Task objective: Beginning at the line that mentions "Rieker støvle til", retype the rest of the records below exactly. Pictures are not part of the copy.

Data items
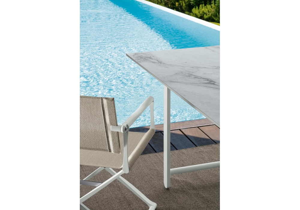 Riviera conçue par Jean Philippe Nuel pour Talenti est une chiase metteur en scène pour l'extérieur. Structure en aluminium thermolaqué, détail de finition en cuir dans le dossier. Les coussins sont déhoussables et recouverts de tissus d'extérieur résistants aux intempéries.
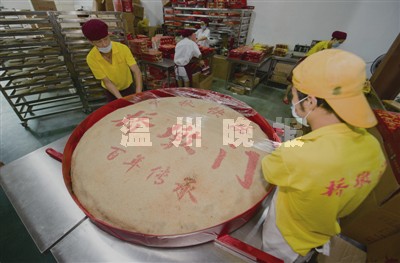 桥墩门巨无霸月饼:15小时手工烤制 重500多斤
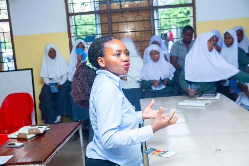 Afisa Mlinda Mlaji kutoka FCC ,Thecla Kitosi,akitoa elimu kuhusiana madhara ya bidhaa bandia katika Shule ya Sekondari Mnazi Mmoja iliyopo jijini Dar es Salaam ikiwa ni sehemu ya kuelekea Maadhimisho ya Wiki ya Siku ya Haki za Mlaji Duniani.
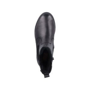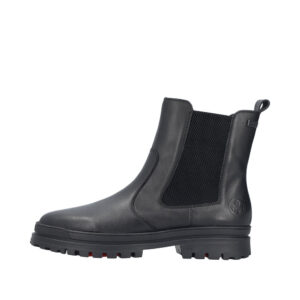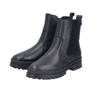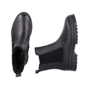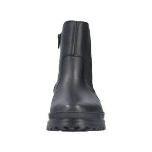 Rieker støvle til dame i sort. Denne vinterstøvle forener praktisk funktion og stilfuldt design. Modellen har elastik i siden og en funktionel lynlås, der gør det let at tage støvlen på og af. Indvendigt sørger en varm foring og en blød sål for høj komfort gennem dagen. Støvlens integrerede anti-slip system med foldbare pigge forbedrer skridsikkerheden og giver stabilitet uanset underlag. Takket være Rieker-Tex er støvlen kraftigt vandafvisende, og den mønstrede ydersål giver øget stødabsorbering.
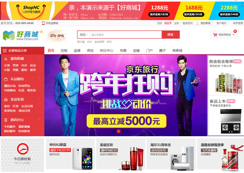 好商城V52016年8月3日版 33hao-V5 新版首页+完整版手机版+新版后台+微信支付功能+修复BUG,好商城V5, 包括左边上商品分类,右侧导航,新版商家入驻,新版会员中心,新版完整手机端,新版后台管理界面等,同步升级到最新版的手机触屏版,手机版完全可以在后台自定义各个布局进行组合排版,可自定义首页,专题,分类图片,手机支付,客户端下载设置等。

Response to this task:
 Rieker støvle til dame i sort. Denne vinterstøvle forener praktisk funktion og stilfuldt design. Modellen har elastik i siden og en funktionel lynlås, der gør det let at tage støvlen på og af. Indvendigt sørger en varm foring og en blød sål for høj komfort gennem dagen. Støvlens integrerede anti-slip system med foldbare pigge forbedrer skridsikkerheden og giver stabilitet uanset underlag. Takket være Rieker-Tex er støvlen kraftigt vandafvisende, og den mønstrede ydersål giver øget stødabsorbering.
 好商城V52016年8月3日版 33hao-V5 新版首页+完整版手机版+新版后台+微信支付功能+修复BUG,好商城V5, 包括左边上商品分类,右侧导航,新版商家入驻,新版会员中心,新版完整手机端,新版后台管理界面等,同步升级到最新版的手机触屏版,手机版完全可以在后台自定义各个布局进行组合排版,可自定义首页,专题,分类图片,手机支付,客户端下载设置等。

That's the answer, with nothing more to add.